Input data
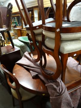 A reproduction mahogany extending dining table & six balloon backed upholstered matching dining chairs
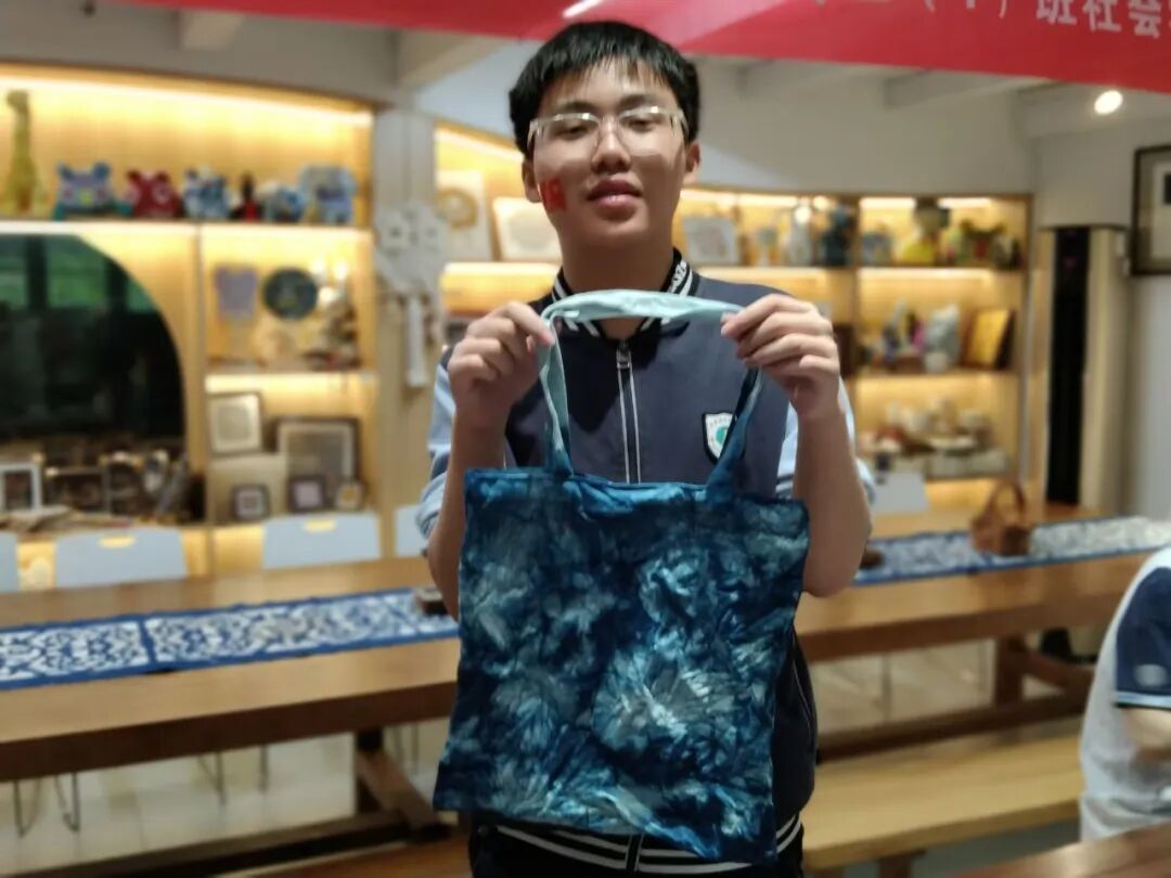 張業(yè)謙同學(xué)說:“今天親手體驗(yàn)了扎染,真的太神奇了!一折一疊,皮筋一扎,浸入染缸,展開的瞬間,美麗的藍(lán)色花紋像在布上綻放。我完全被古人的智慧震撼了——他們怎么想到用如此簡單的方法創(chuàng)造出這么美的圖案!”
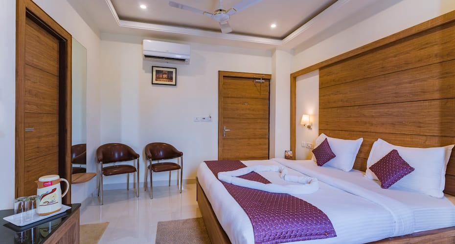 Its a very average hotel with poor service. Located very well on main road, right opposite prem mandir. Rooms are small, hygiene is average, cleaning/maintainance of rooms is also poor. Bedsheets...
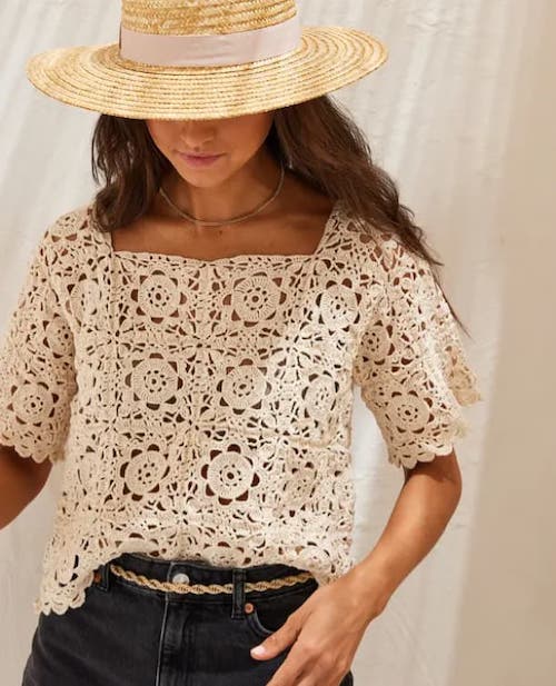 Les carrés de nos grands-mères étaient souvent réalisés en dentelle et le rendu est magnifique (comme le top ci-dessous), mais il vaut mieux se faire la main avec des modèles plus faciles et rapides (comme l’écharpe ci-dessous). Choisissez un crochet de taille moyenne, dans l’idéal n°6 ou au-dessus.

To do
Give the listing again word for word. Skip any pictures.

Answer space
 A reproduction mahogany extending dining table & six balloon backed upholstered matching dining chairs
 張業(yè)謙同學(xué)說:“今天親手體驗(yàn)了扎染,真的太神奇了!一折一疊,皮筋一扎,浸入染缸,展開的瞬間,美麗的藍(lán)色花紋像在布上綻放。我完全被古人的智慧震撼了——他們怎么想到用如此簡單的方法創(chuàng)造出這么美的圖案!”
 Its a very average hotel with poor service. Located very well on main road, right opposite prem mandir. Rooms are small, hygiene is average, cleaning/maintainance of rooms is also poor. Bedsheets...
 Les carrés de nos grands-mères étaient souvent réalisés en dentelle et le rendu est magnifique (comme le top ci-dessous), mais il vaut mieux se faire la main avec des modèles plus faciles et rapides (comme l’écharpe ci-dessous). Choisissez un crochet de taille moyenne, dans l’idéal n°6 ou au-dessus.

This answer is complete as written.